Assignment — Take the material below and extract the lines from the one with "关于征集建筑施工企业安全生产管理专家的通知(岳建函[2020]184号)" through the one with "それで、こういった仕組みを作", word for word, without pictures.

Data listing —
[Start of section]

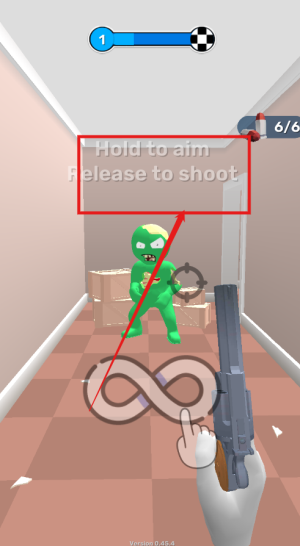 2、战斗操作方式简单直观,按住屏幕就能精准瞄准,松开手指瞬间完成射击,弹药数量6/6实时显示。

[End of section]
[Start of section]

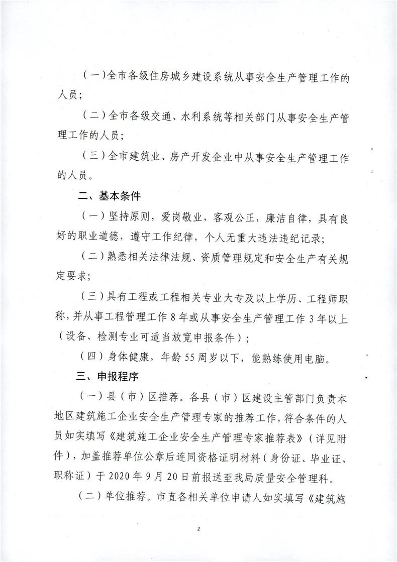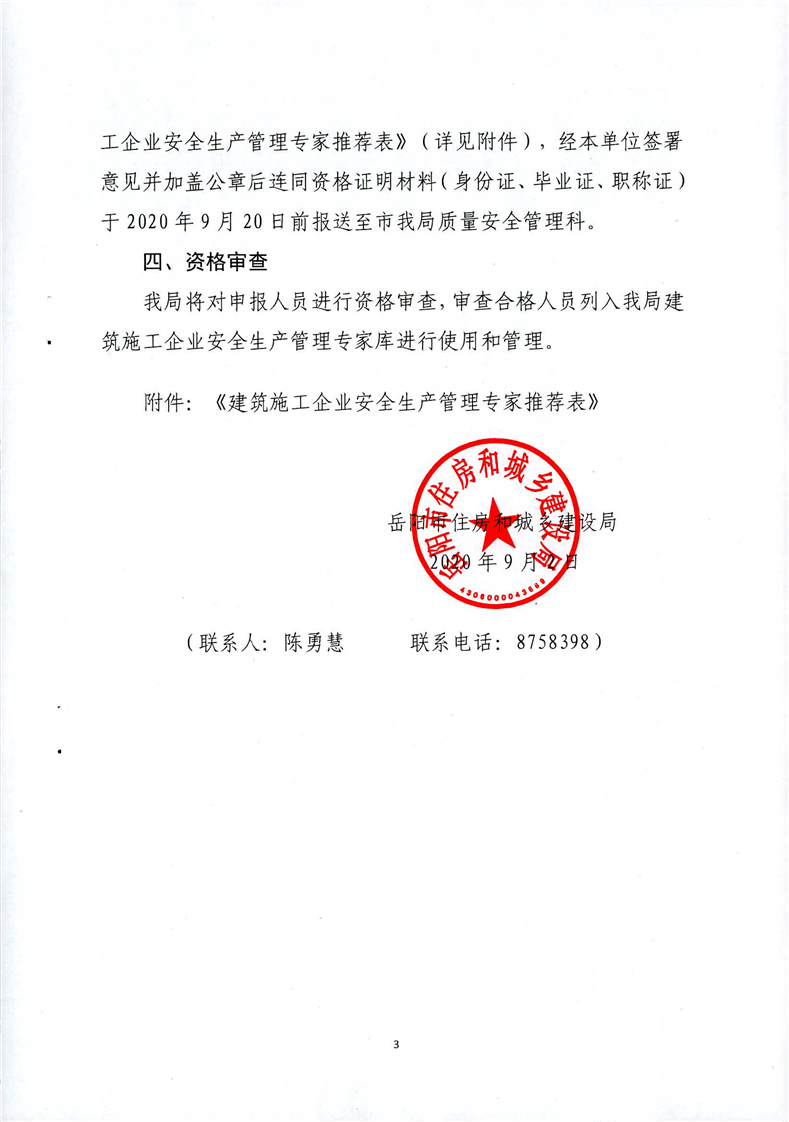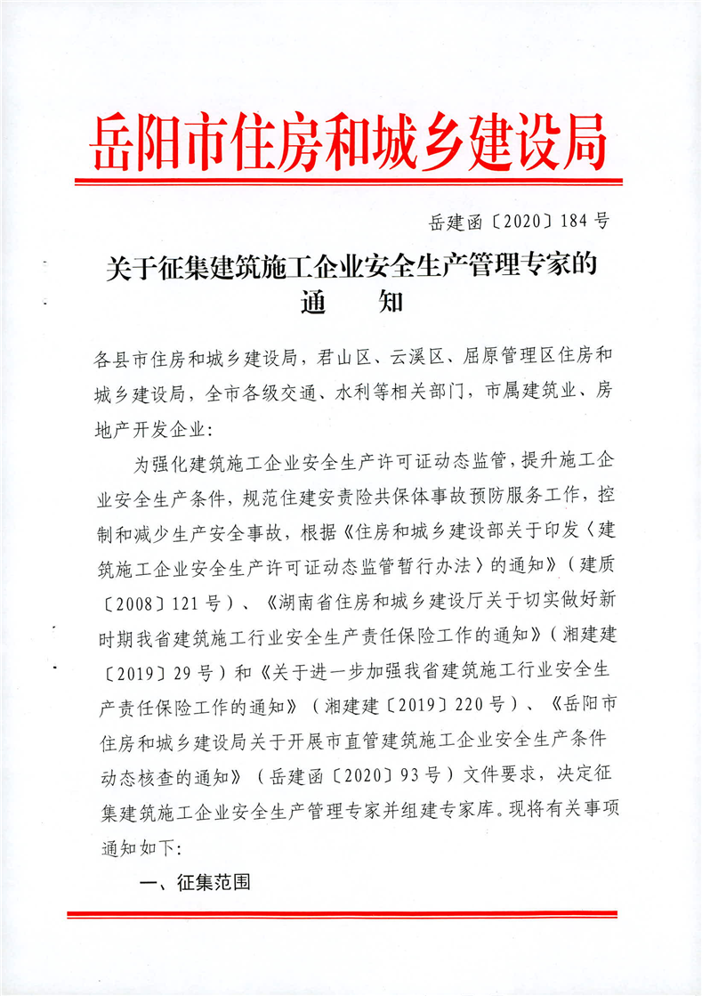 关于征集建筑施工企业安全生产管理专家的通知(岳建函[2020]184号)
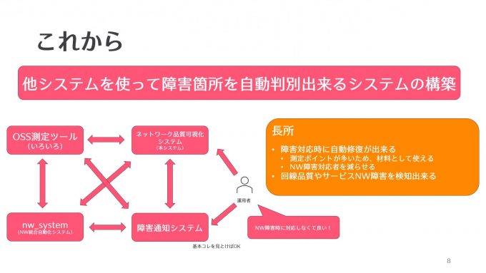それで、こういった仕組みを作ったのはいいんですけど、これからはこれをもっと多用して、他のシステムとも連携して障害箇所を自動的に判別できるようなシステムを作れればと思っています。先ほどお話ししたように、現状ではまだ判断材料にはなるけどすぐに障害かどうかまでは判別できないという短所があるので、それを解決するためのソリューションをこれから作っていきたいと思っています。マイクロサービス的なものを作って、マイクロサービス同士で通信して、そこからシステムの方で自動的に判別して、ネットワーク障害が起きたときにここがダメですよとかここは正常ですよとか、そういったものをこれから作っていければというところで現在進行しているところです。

[End of section]

Task response —
 关于征集建筑施工企业安全生产管理专家的通知(岳建函[2020]184号)
それで、こういった仕組みを作ったのはいいんですけど、これからはこれをもっと多用して、他のシステムとも連携して障害箇所を自動的に判別できるようなシステムを作れればと思っています。先ほどお話ししたように、現状ではまだ判断材料にはなるけどすぐに障害かどうかまでは判別できないという短所があるので、それを解決するためのソリューションをこれから作っていきたいと思っています。マイクロサービス的なものを作って、マイクロサービス同士で通信して、そこからシステムの方で自動的に判別して、ネットワーク障害が起きたときにここがダメですよとかここは正常ですよとか、そういったものをこれから作っていければというところで現在進行しているところです。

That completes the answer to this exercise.